Mona (Sandrine Bonnaire) steadily tows the viewer in so many different visual directions that without Varda somehow cushioning this classical model of alternative narrative with any subtext, emotion, or even the slightest object of sympathy for the audience to identify with, one begins to wait impatiently for the film to end. Manipulating the temporal elements of the film usually spices up a bland piece of writing, but combining the cut and dry narrative with quasi-documentarian camera work and a disjunctive plot progression, after a point, becomes not only obnoxious and overdone, but it makes Varda seem flashy and condescending, a notion one never wants to project to a critical gathering.

Beautifully shot, Bonnaire at least provides, (as petty as this sounds), some form of eye candy. Also, the setting luckily does not always remain so aggravatingly static (the vineyards were nice) and therefore Varda nabs some points out of the visuals she hangs on to so hard. However, aside from what Bonnaire is able to irk out with her facial muscles every now and again, and a couple of nice choices in framing and shooting hour and location, Vagabond ultimately succeeded in making me feel cinematically homeless.

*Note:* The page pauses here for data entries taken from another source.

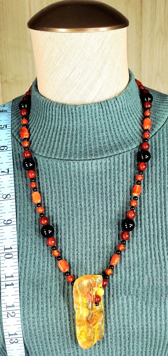 Amber Pendant: Carnelian & Black Onyx
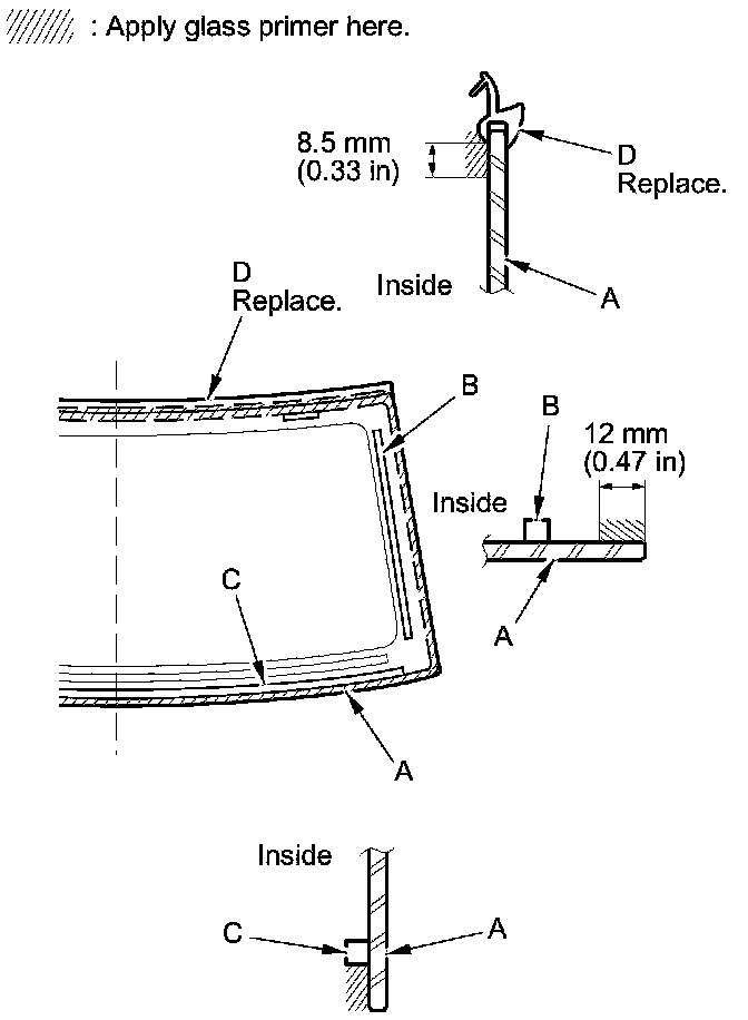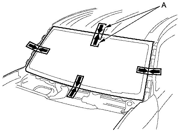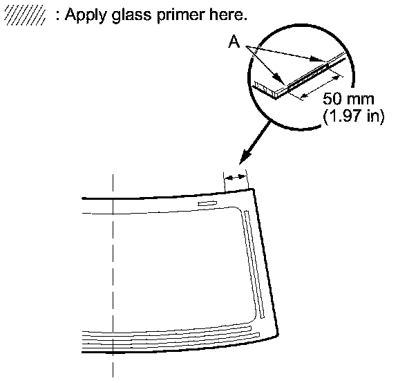 12. Apply glass primer to the edge of the windshield between the alignment marks (A). Be careful not to touch the windshield where adhesive will be applied.
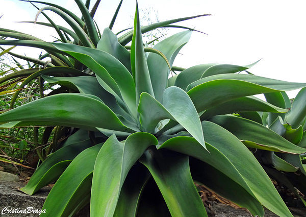 Folhas largo-lanceoladas, verde-acinzentadas, cerosas, suculentas, espessas, formando uma roseta densa.
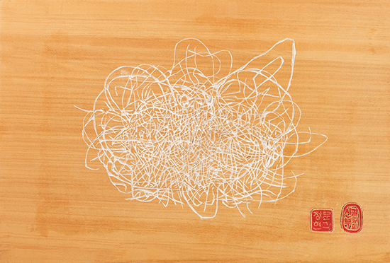 제주도 강정에서 5년 넘게 지내 온 문 신부의 새김판 작업장은 해군기지 건설 공사장 앞 천막이다. 투쟁의 한복판에서 그는 “시간을 죽이기 위해 붓을 들고 판에 올려서 파고 팠다.”
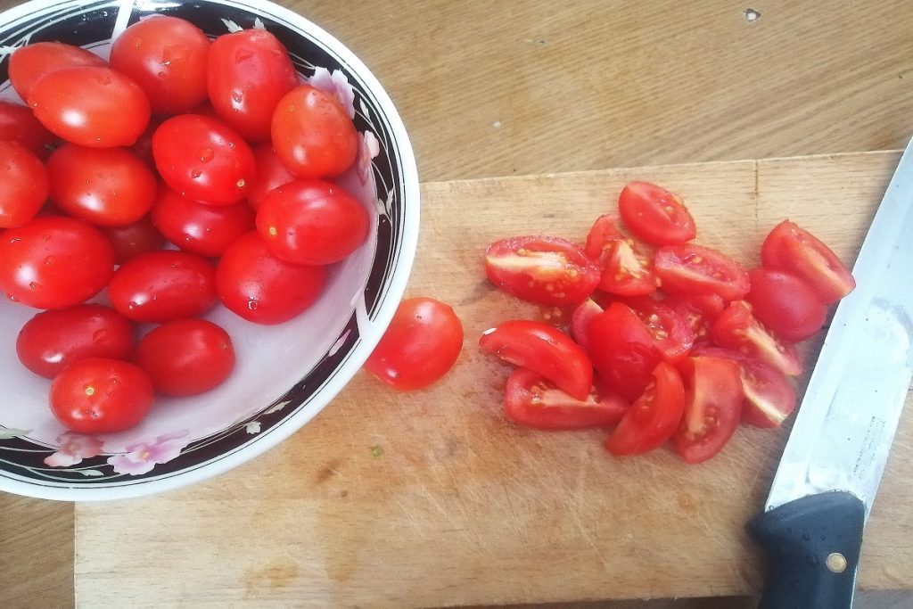 We gaan verder met de tomaatjes, we wassen ze en snijden ze in kwartjes.
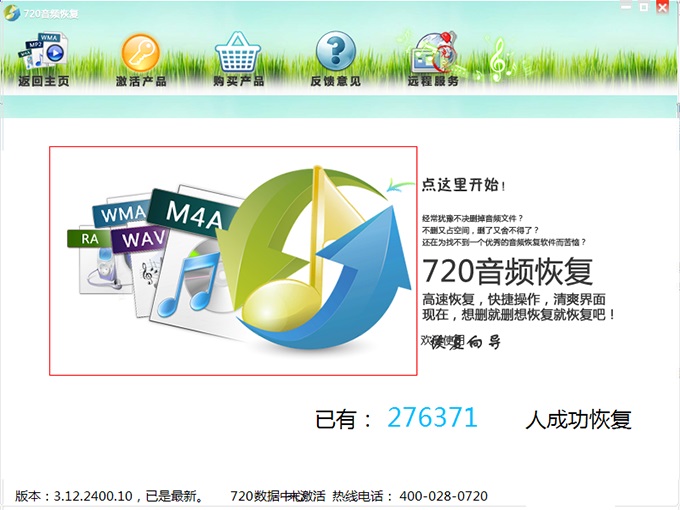 720音频恢复软件是一款专业的音频恢复软件,我们生活中许多人都会听音乐,音乐是世界上最奇妙的声音,带我们进入不一样的世界,带我们美好的享受,但是突然有一天不小心删除了音乐怎么办?720音频恢复软件帮您找回过往的美妙经历,软件能够扫描恢复由于各种原因造成音频丢失破坏的各种音频文件,能够最大程度上帮您恢复。720音频软件保留常规数据恢复产品的优势,并加入针对常用音频文件的存储格式以及对音频类专项格式的分析恢复,极大的提高了对音频文件恢复的能力。720音频恢复软件采用最先进的音频识别扫描引擎,帮助用户快速高效的恢复音频文件,软件界面设计美观友好,向导式操作界面设计,只需按照一步一步步骤就能快速的恢复文件,欢迎有需要的下载体验!
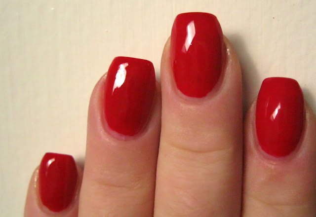 Application of Pillar Box Red was great. It has a light and liquid consistency, enough so that if you're prone to the occasional flourish while applying, as I now realize that I am, you might want to pay close attention to your brush wielding because the feel is a tad slippery. You know what I mean, right? It also seems to be slightly prone to bubbling with thick coats, but the consistency makes it easy to apply thin ones. Pigmentation is awesome -- this polish could easily be a one coater. Pillar Box Red dries in good time to a glossy finish.
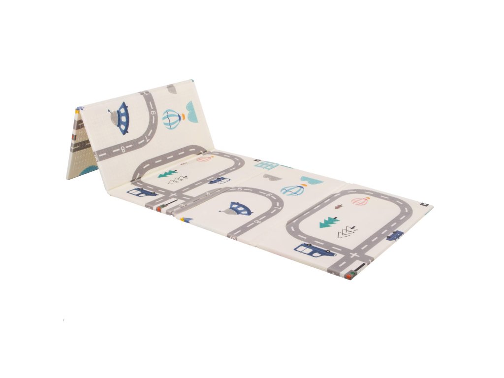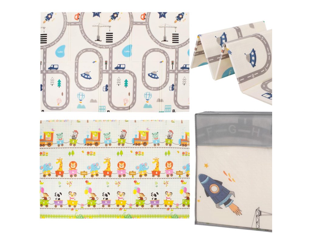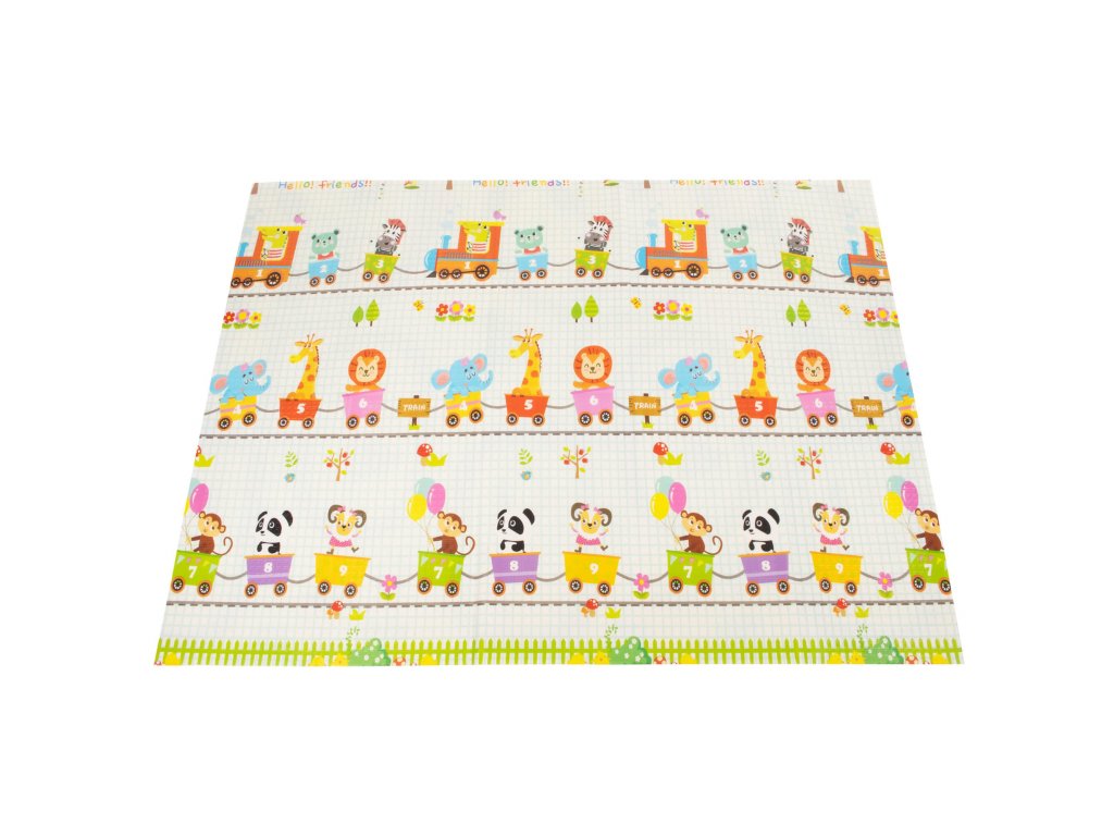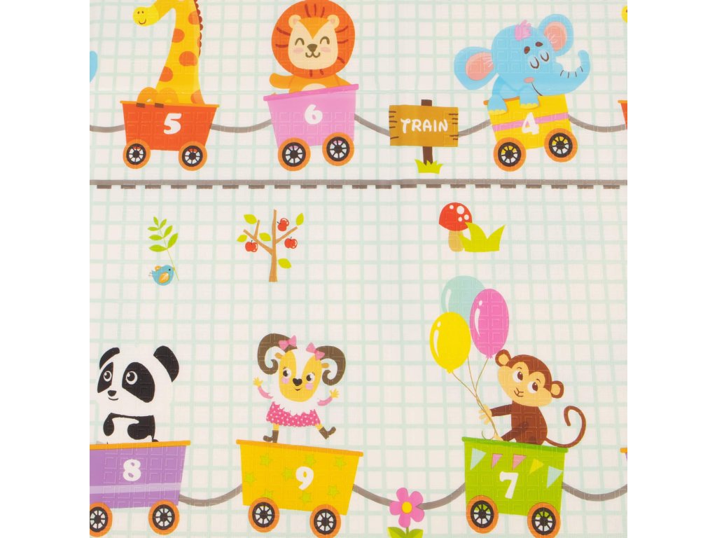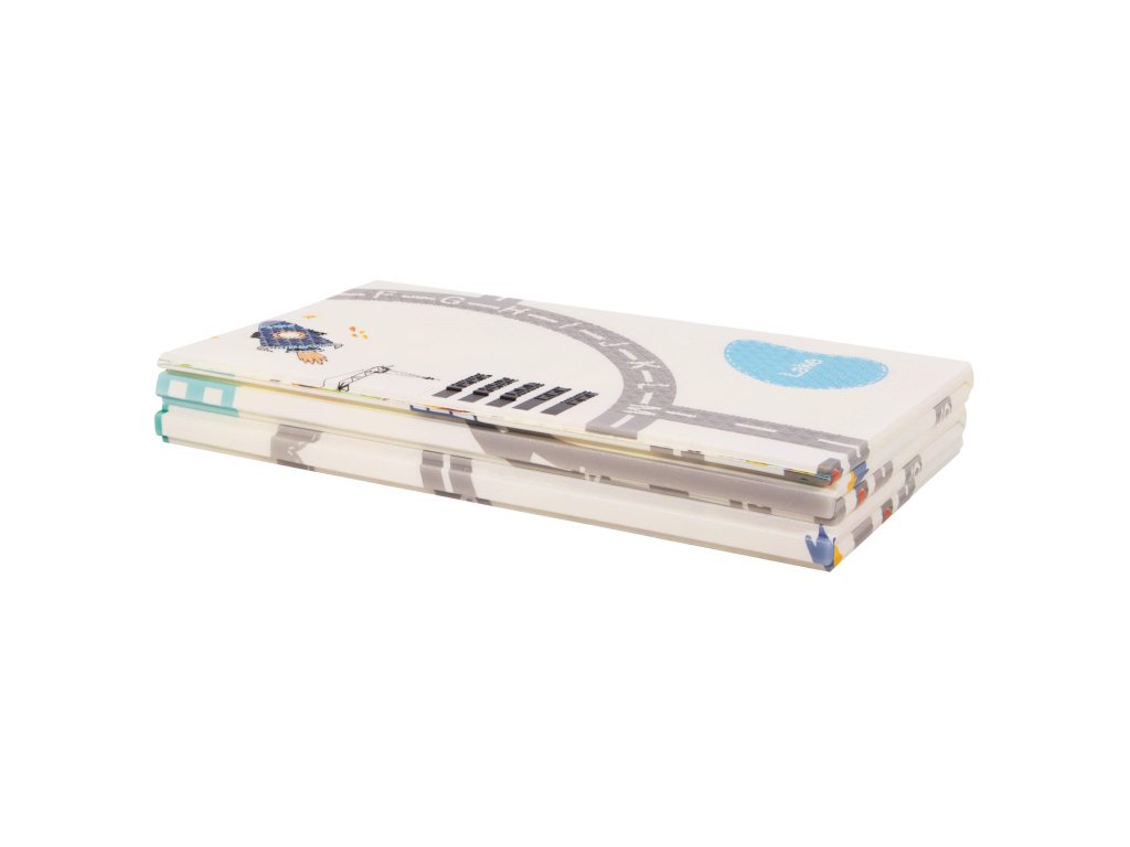 - Podloga je dvostranska. Na eni strani je vzorec ulic in vozil na kremni podlagi. Na drugi strani podloge je vzorec pisanih vlakov z živalmi in modra šahirana na kremni podlagi.
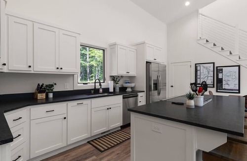 Discover a contemporary retreat nestled in the heart of Bella Vista's trail system. This modern chalet offers direct access to the renowned Back 40 trails, making it a haven for mountain biking enthusiasts. After a day of adventure, unwind in the private hot tub or relax on the deck overlooking serene woodland views. The open-concept living space features a fully equipped kitchen, comfortable furnishings, and large windows that bring the outdoors in. Whether you're seeking outdoor thrills or peaceful relaxation, this chalet provides the perfect base for your getaway
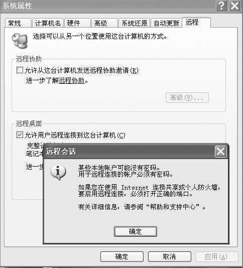 要想从Windows 2000远程访问Windows XP,首先必须激活Windows XP的“远程桌面”功能。在桌面上右击“我的电脑”图标,选择“属性”命令,打开“系统属性”窗口,切换到“远程”选项页,选中“允许用户远程连接到这台计算机”复选框,此时会提示某些本地账户可能没有密码,不管它,直接点击“确定”按钮即可(如图1所示)。
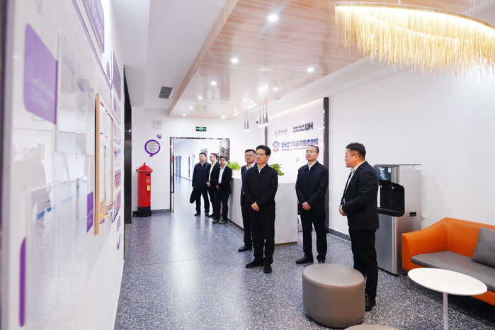 王剑锋一行参观了赫特福德学院,并专门听取了学校事业发展情况汇报。汤正华简要介绍学校2025年在人才培养、学科建设、科技创新、师资队伍建设、国际化办学等方面的举措和成果,以及2026年重点工作和未来主要目标,并就学校发展过程中需要市委市政府关心支持的主要事项进行汇报。
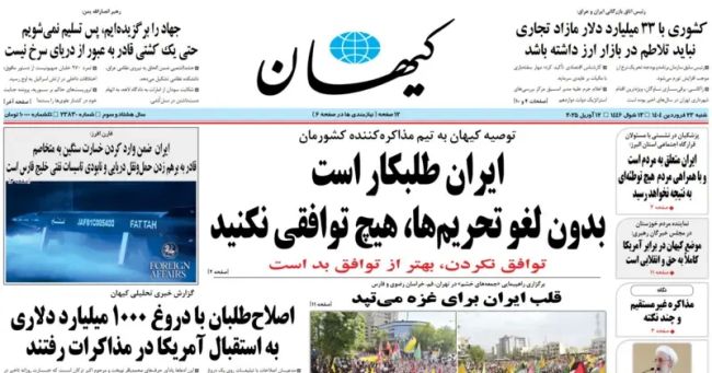 در همین راستا، حسین شریعتمداری، نماینده خامنهای در روزنامه کیهان، با اشاره به مذاکرات عمان، نوشت: «بهره آمریکا از این مذاکره غیرمستقیم، ناکامی در تحمیل آرزوهای باجخواهانه است و آنچه برای ایران میماند، تجربه دیگری از غیرقابل اعتماد بودن آمریکاست.»
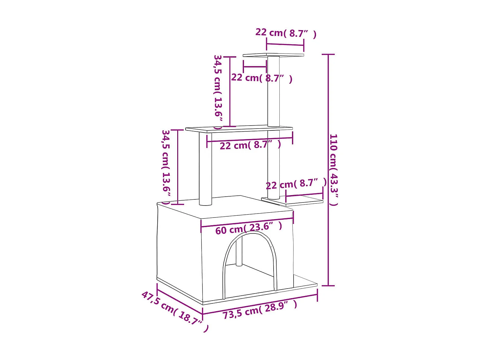 Arbre à chat avec griffoirs en sisal crème 110 cm
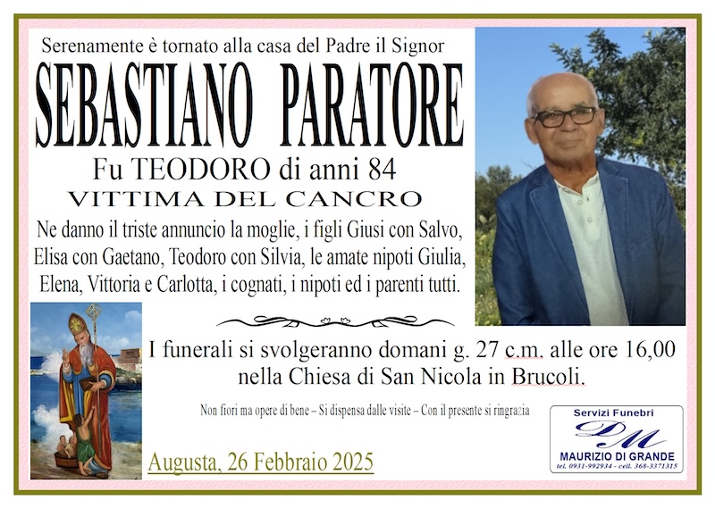 Necrologi – Si è spento il signor Sebastiano Paratore di anni 84
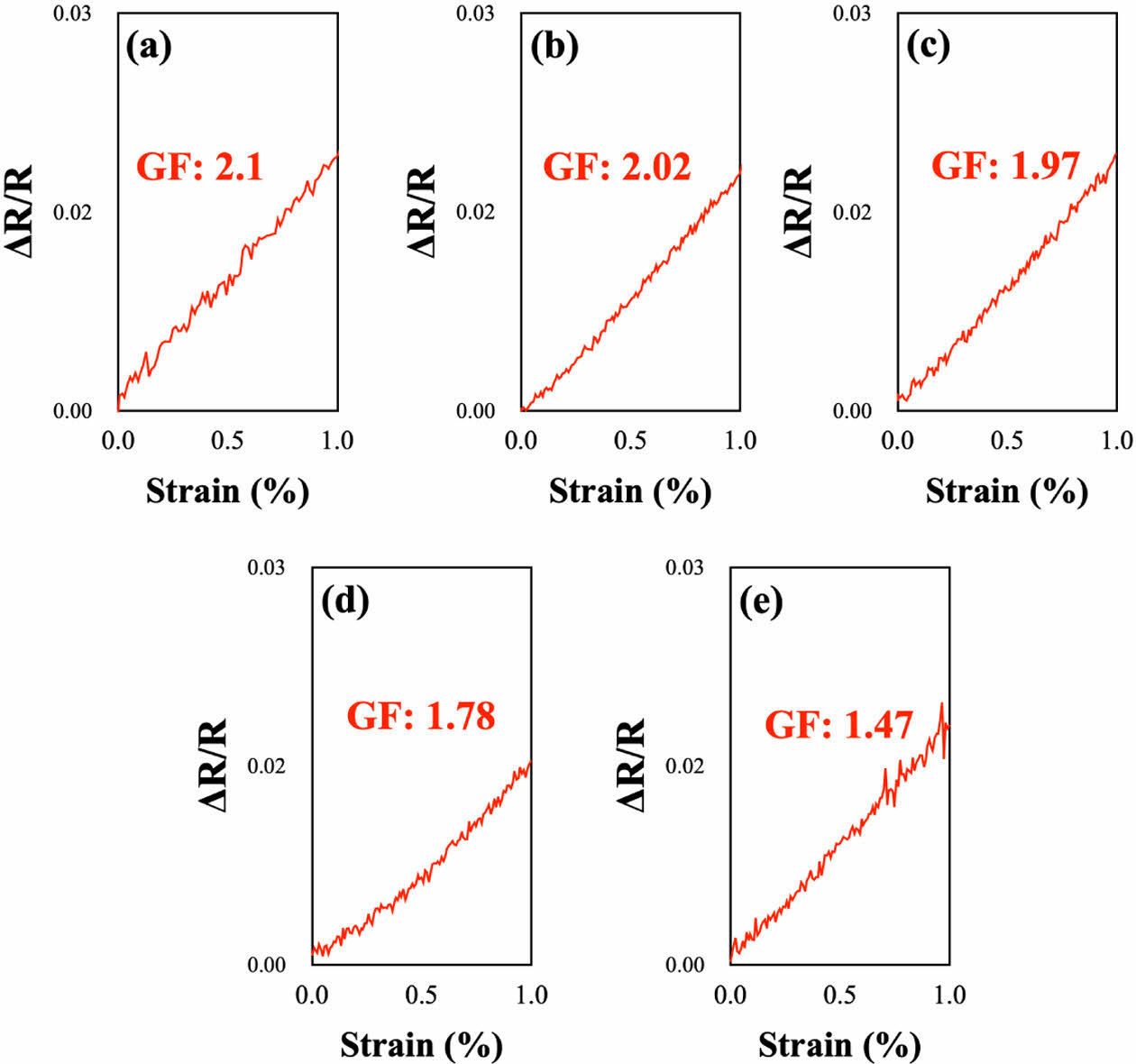 Fig. 4 Strain sensitivity of fiber sensor according to wt.% of CB; (a) 0.25 wt.%, (b) 0.5 wt.%, (c) 2 wt.%, (d) 3 wt.%, (e) 4 wt.% |
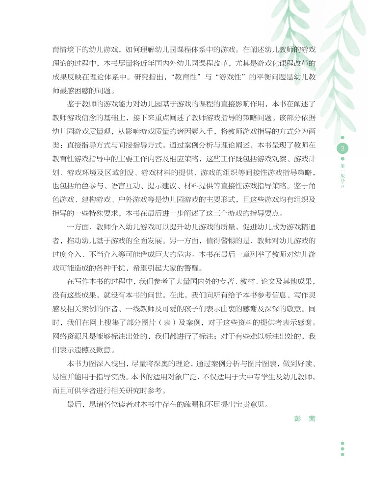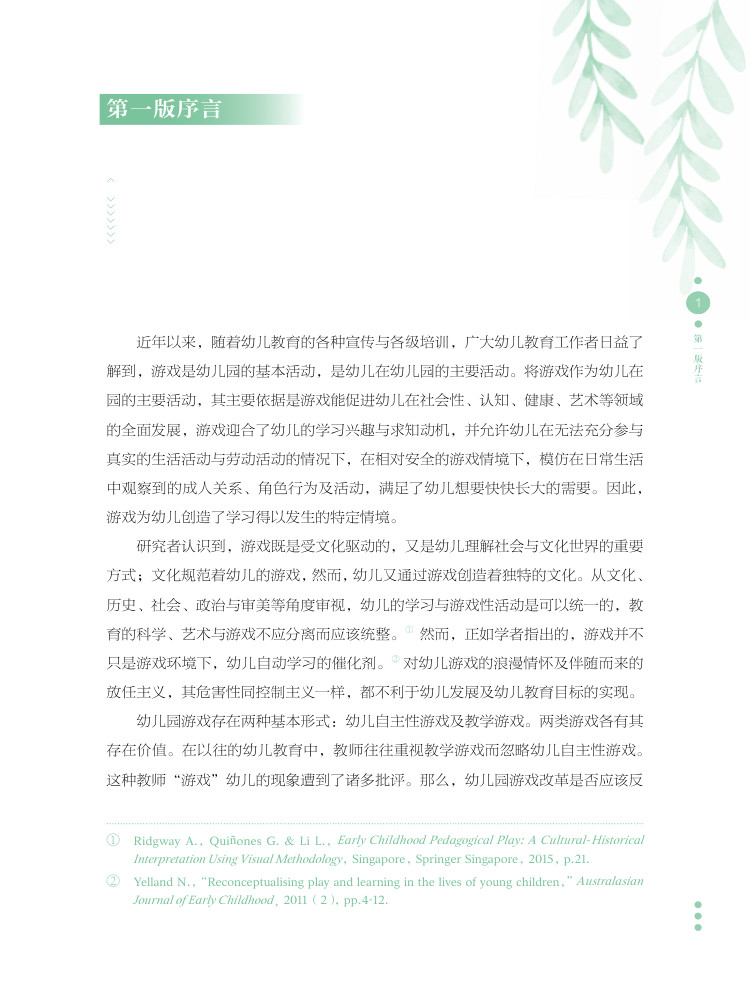 4.受众广泛多元:本书设计上兼顾教材、职后培训及日常工作参考需求,融通理论与实践,既可用作学前教育专业职前培养教材和幼儿园教师培训用书,还可作为一线幼儿园教师及园长、教科研人员等的参考用书。

Maybe if the film's public defense was that the intention of the film was to actually displease the audience beyond the common problem of attention span, by literally creating the anger and dejection within the viewer of the common vagrant, I would have significantly more praise for Vagabond's structure and direction.

Instead, this film's meandering becomes more and more intolerable with each step. The accidental Hubris of the director wears the skin in one's heel like a bleeding blister, soon exhausting itself quite thoroughly to a point of sheer delirium in both its reception by the audience, as well as its actual production. A quaint, realist attempt at intellectual expanse, this piece tragically goes no deeper than the road it treads, ultimately collapsing only to freeze to death in the cruel, well traveled ditch of anti-chronology and failed insight.